Our bank analyst Bret Ginesky upgrades BCA (BBCA IJ) to BUY and raised his TP to Rp6,000 (from previously UPF and TP Rp5,000). Bret also increases his earnings estimate for 10/11 by 33% and 29% respectively. BBCA currently trades at 2010 PBV and PE of 3.4x and 12.7x, with a 29% ROE this is not expensive compared to its ASEAN peer group (avg. 2.8x, 14.2x, and 15% respectively).
Interestingly, most of Bret’s upgrades come from lower provisioning (he expects a 50% decline in provisions in 2010 YoY) assumptions and higher loan growth rather than changes in NIM assumption. The chart below is worth highlighting as it shows that BCA consumer portfolio has grown 44% CAGR in the past 3 years, from Rp8.7tn to Rp25.4tn. And consumer loans have higher yields than BBCA’s fixed rate bonds. In short, there is still an upside to our numbers, from NIM point of view.
We can see the fact that savings rates decreased in 3Q09, and that this could be another aspect of the balance sheet that BCA can play around with. Look at the middle line, the savings rate. This rate was flat until this quarter and just declined by 50bps (another sign of BBCA’s strong franchise).

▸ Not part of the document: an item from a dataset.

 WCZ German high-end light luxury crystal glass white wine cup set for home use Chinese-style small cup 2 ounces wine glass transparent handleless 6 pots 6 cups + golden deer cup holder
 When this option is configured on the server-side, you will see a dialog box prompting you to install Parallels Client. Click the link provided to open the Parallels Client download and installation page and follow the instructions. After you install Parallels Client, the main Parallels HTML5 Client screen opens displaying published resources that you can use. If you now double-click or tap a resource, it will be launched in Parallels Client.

This is ACCRETIVE to NIM.
Key points from the report:
· With 26% of the fixed rate bond portfolio maturing thru 2011, allowing BCA to reinvest in higher yielding consumer loans.
· Credit metrics are improving, and we expect a 50% decline in provisions in 2010 YoY. The LLP/NPL ratio currently stands at 297%.

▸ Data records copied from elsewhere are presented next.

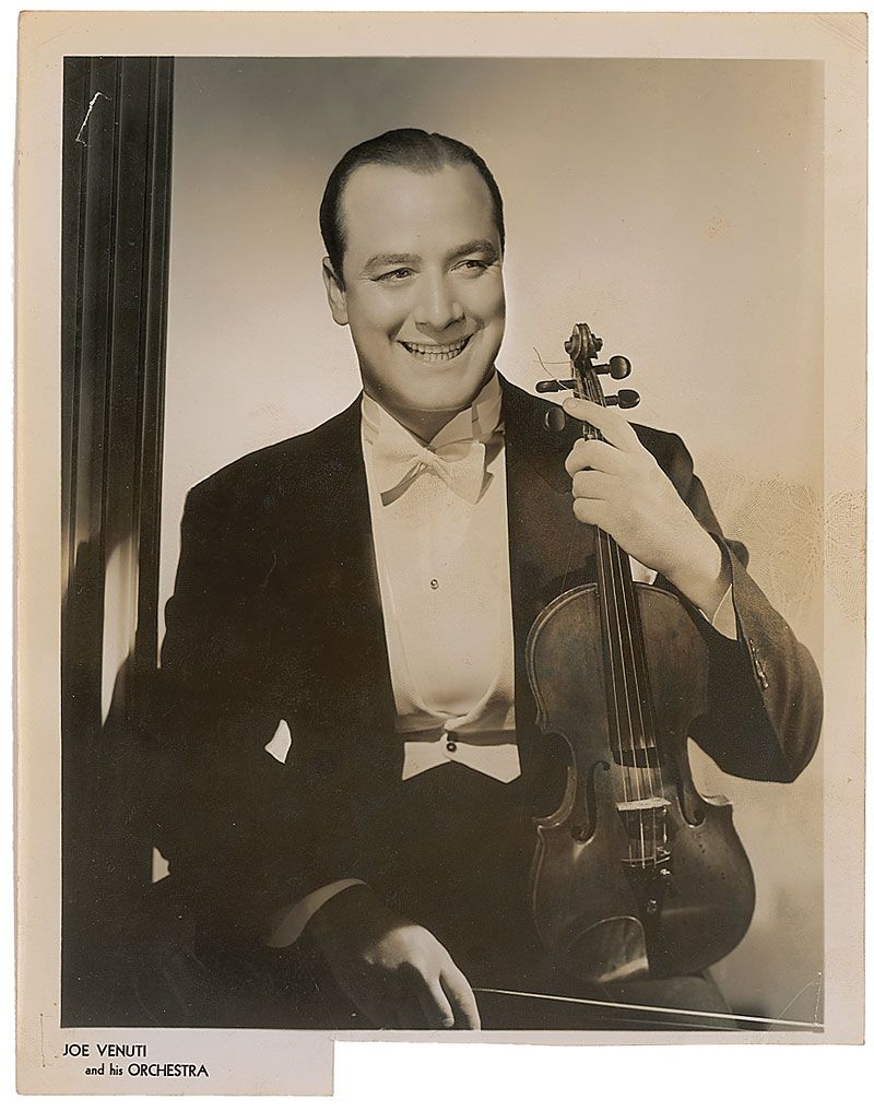 Jazz musician (1903–1978) who pioneered the use of violin in jazz during the 1920s. Vintage glossy 8 x 10 publicity photo of Venuti posing with his violin. In very good condition, with staple holes to corners and a large section of the lower border clipped off.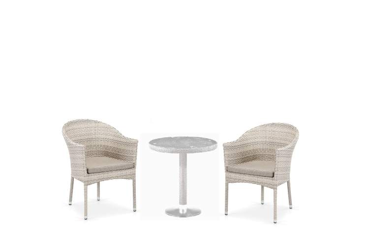 Комплект мебели для кафе T601/Y350C-W85 Latte (2+1) состояит из круглого стола на центральной опоре и двух кресел с подушками. Цвет ротанга Латте, при разном освещении он смотрится по разному.
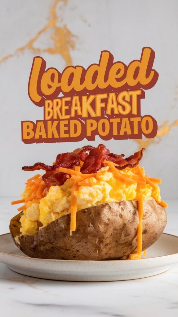 You’ll get crispy bacon (or smoky tempeh), fluffy scrambled eggs, gooey cheddar, and a fluffy baked potato that soaks it all up. Finish it with fresh chives, and you’ve got the perfect breakfast—or honestly, a great dinner.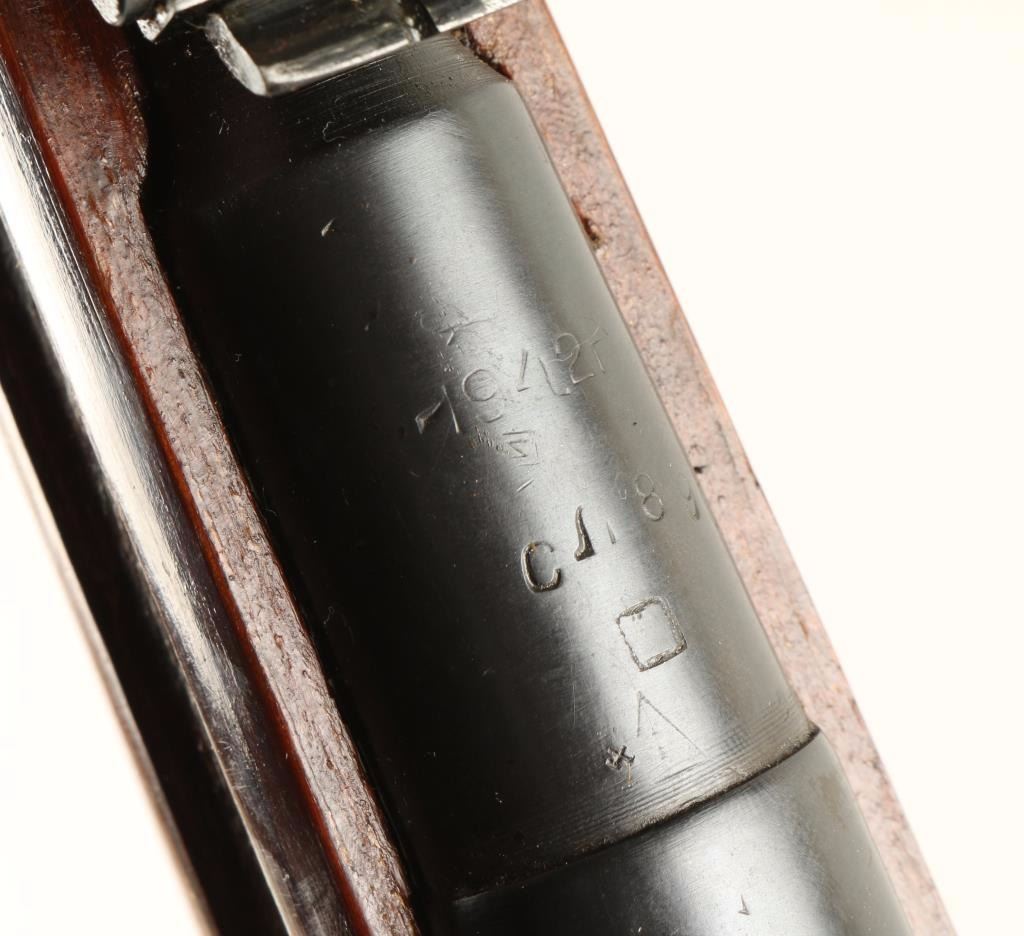 Blued bolt-action Soviet military rifle with a 29" barrel, Izhevsk stamped with a 1942 breech date, matching serial numbers on receiver/bolt/buttplate with a re-stamp to match on bottom metal, cleaning rod. Import marked by CAI. Wood has been refinished but shows vestiges of Soviet stamp and others. Finger grooves have sharp edges. There are rubs and dings but no cracks or chips. Bore is mirror bright with sharp rifling. Action works well. Condition is very good to excellent as refinished and in cosmoline. *Modern Firearm*
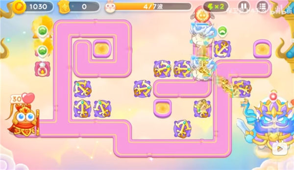 1、开局阶段在地图下方建造船锚炮塔,首要攻击目标是中央香炉。当灰兔出现时需立即切换攻击目标,这种动态调整能最大化输出效率。

· With earnings growth of 28% next year and an ROE of 29%, we are upgrading the stock to BUY and raising our TP to Rp6000.
· We are increasing our earnings estimates for 10/11 by 33% and 29% to Rp361 and Rp410, respectively. BCA currently trades at 2010 PBV and PE of 3.4x and 12.7x, with a 29% ROE this is not expensive compared to its ASEAN peer group.